THE INPUT »
.....
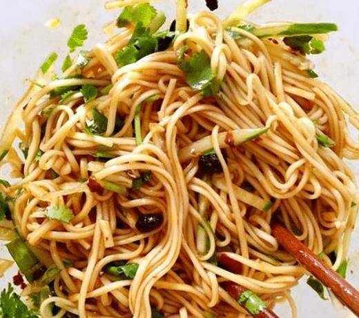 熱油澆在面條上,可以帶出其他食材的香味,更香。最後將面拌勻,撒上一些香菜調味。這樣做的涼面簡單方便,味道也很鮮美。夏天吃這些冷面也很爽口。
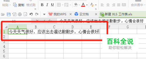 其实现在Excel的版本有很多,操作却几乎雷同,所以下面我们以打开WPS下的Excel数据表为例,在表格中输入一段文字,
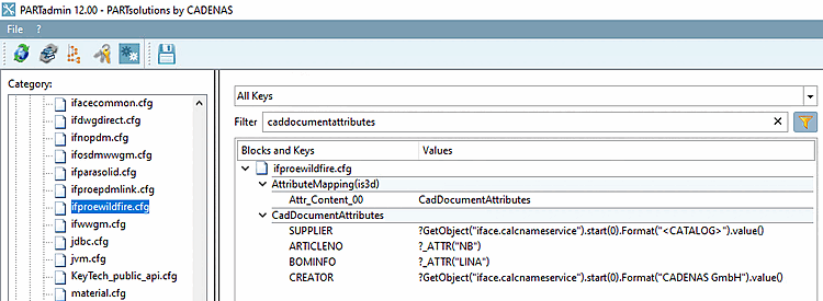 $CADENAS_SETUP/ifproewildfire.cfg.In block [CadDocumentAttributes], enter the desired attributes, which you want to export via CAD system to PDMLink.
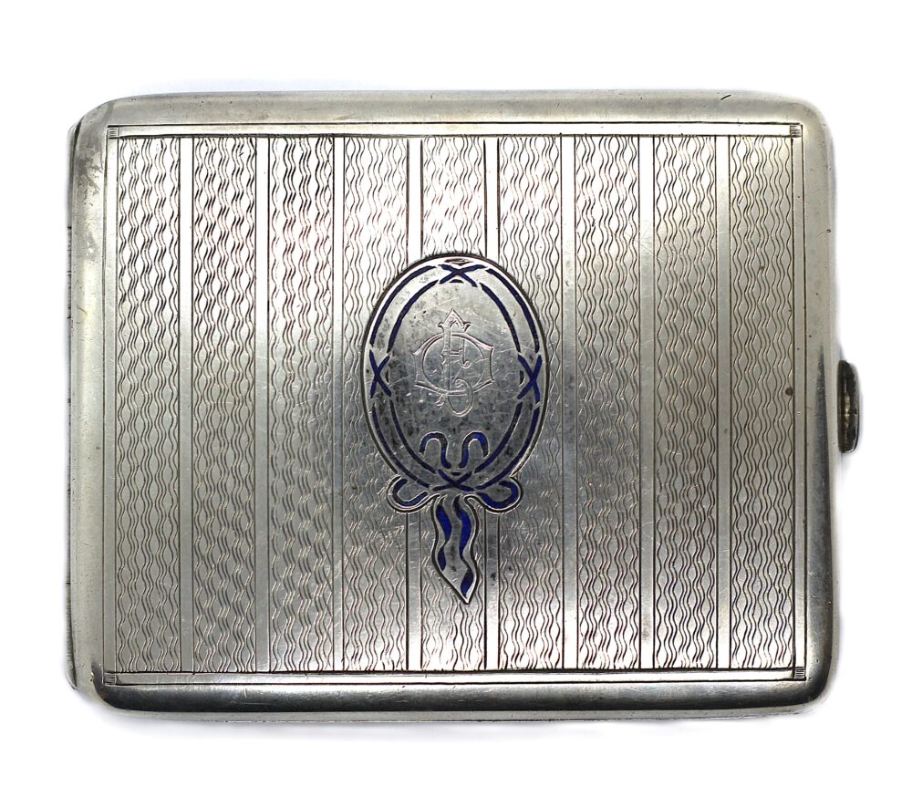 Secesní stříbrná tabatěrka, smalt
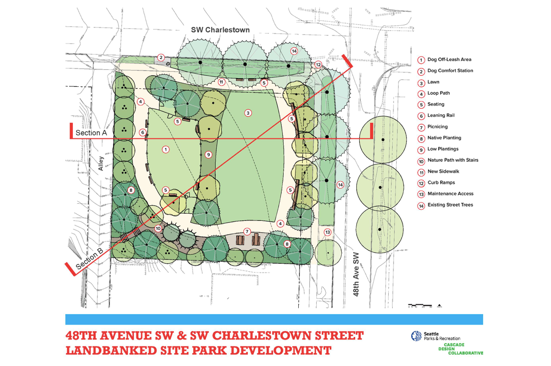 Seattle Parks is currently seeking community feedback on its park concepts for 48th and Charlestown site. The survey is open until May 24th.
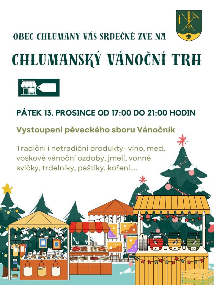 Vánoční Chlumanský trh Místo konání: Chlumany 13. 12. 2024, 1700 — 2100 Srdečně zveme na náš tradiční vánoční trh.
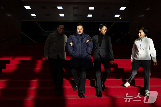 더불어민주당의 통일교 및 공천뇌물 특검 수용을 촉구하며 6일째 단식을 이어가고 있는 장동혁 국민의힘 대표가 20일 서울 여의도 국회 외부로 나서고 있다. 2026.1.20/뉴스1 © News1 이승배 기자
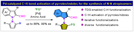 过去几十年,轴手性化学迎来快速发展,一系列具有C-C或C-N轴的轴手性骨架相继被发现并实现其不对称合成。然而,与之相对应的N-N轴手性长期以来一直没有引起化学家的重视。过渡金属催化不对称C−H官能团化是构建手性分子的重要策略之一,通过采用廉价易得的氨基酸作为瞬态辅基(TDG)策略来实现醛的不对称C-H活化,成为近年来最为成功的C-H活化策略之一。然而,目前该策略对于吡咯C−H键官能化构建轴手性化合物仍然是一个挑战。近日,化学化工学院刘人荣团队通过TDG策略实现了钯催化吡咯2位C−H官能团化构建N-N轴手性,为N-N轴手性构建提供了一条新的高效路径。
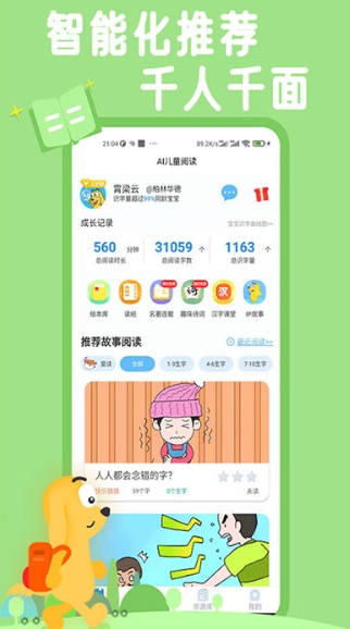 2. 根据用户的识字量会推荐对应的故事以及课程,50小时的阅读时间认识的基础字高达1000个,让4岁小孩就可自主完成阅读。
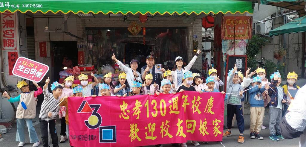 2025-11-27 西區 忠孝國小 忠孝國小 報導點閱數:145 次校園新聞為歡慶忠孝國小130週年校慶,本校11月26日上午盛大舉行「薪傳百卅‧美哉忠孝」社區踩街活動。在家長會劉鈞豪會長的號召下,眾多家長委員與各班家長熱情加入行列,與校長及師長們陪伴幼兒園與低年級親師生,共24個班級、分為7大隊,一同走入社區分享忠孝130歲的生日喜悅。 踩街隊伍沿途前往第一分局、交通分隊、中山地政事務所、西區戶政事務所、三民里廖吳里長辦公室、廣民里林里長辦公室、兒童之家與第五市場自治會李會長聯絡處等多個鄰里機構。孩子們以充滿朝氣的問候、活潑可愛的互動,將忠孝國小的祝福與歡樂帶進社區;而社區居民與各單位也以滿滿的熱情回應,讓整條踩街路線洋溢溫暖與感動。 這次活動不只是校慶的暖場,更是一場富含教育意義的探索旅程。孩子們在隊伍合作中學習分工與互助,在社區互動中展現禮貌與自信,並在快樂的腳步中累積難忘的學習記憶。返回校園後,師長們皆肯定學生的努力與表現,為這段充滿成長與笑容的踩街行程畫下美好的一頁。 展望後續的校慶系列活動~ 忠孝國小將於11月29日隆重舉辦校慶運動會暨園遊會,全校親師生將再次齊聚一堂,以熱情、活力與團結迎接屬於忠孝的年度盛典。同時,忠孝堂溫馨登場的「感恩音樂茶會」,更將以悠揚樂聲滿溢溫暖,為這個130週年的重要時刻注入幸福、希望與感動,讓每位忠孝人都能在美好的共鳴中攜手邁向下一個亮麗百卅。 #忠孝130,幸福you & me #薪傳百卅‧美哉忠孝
.....
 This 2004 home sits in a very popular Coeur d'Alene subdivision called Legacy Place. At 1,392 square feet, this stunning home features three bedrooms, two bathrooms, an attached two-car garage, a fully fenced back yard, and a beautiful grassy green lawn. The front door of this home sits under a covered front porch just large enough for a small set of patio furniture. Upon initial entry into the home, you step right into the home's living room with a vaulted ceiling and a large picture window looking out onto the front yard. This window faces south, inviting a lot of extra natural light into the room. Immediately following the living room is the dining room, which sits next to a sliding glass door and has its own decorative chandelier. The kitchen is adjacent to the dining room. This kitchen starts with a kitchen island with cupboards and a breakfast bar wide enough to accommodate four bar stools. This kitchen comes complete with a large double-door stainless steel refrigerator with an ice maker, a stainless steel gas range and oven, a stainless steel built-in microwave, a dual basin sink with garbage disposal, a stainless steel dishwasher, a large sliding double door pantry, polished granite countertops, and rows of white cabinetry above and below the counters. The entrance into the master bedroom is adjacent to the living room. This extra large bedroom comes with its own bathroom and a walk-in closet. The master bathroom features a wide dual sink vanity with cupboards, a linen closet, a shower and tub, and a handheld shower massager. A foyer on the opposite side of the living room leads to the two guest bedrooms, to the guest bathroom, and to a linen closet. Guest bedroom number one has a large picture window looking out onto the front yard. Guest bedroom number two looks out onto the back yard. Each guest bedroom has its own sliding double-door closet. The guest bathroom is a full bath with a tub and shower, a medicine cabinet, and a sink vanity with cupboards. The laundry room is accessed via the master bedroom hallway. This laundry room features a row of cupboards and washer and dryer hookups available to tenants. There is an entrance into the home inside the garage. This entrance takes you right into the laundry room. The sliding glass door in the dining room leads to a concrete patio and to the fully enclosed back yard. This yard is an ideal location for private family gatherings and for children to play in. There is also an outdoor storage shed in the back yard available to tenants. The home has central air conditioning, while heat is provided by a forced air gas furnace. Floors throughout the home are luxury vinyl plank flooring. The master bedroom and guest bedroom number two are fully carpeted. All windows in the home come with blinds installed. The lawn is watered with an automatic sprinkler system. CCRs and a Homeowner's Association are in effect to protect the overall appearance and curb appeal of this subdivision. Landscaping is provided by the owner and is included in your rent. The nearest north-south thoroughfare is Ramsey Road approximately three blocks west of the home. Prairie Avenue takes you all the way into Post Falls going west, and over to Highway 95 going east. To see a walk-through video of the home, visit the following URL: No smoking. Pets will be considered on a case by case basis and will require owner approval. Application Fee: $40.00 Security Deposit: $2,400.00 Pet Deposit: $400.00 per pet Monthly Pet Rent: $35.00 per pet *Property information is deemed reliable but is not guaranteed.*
.....
ABOUT THIS EXERCISE » Pictures are to be left out. Write out only the lines above starting at the one with "熱油澆在面條上,可以帶出其他" and ending at the one with "Secesní stříbrná tabatěrka, smalt", both lines included, exactly.

SOLUTION »
 熱油澆在面條上,可以帶出其他食材的香味,更香。最後將面拌勻,撒上一些香菜調味。這樣做的涼面簡單方便,味道也很鮮美。夏天吃這些冷面也很爽口。
 其实现在Excel的版本有很多,操作却几乎雷同,所以下面我们以打开WPS下的Excel数据表为例,在表格中输入一段文字,
 $CADENAS_SETUP/ifproewildfire.cfg.In block [CadDocumentAttributes], enter the desired attributes, which you want to export via CAD system to PDMLink.
 Secesní stříbrná tabatěrka, smalt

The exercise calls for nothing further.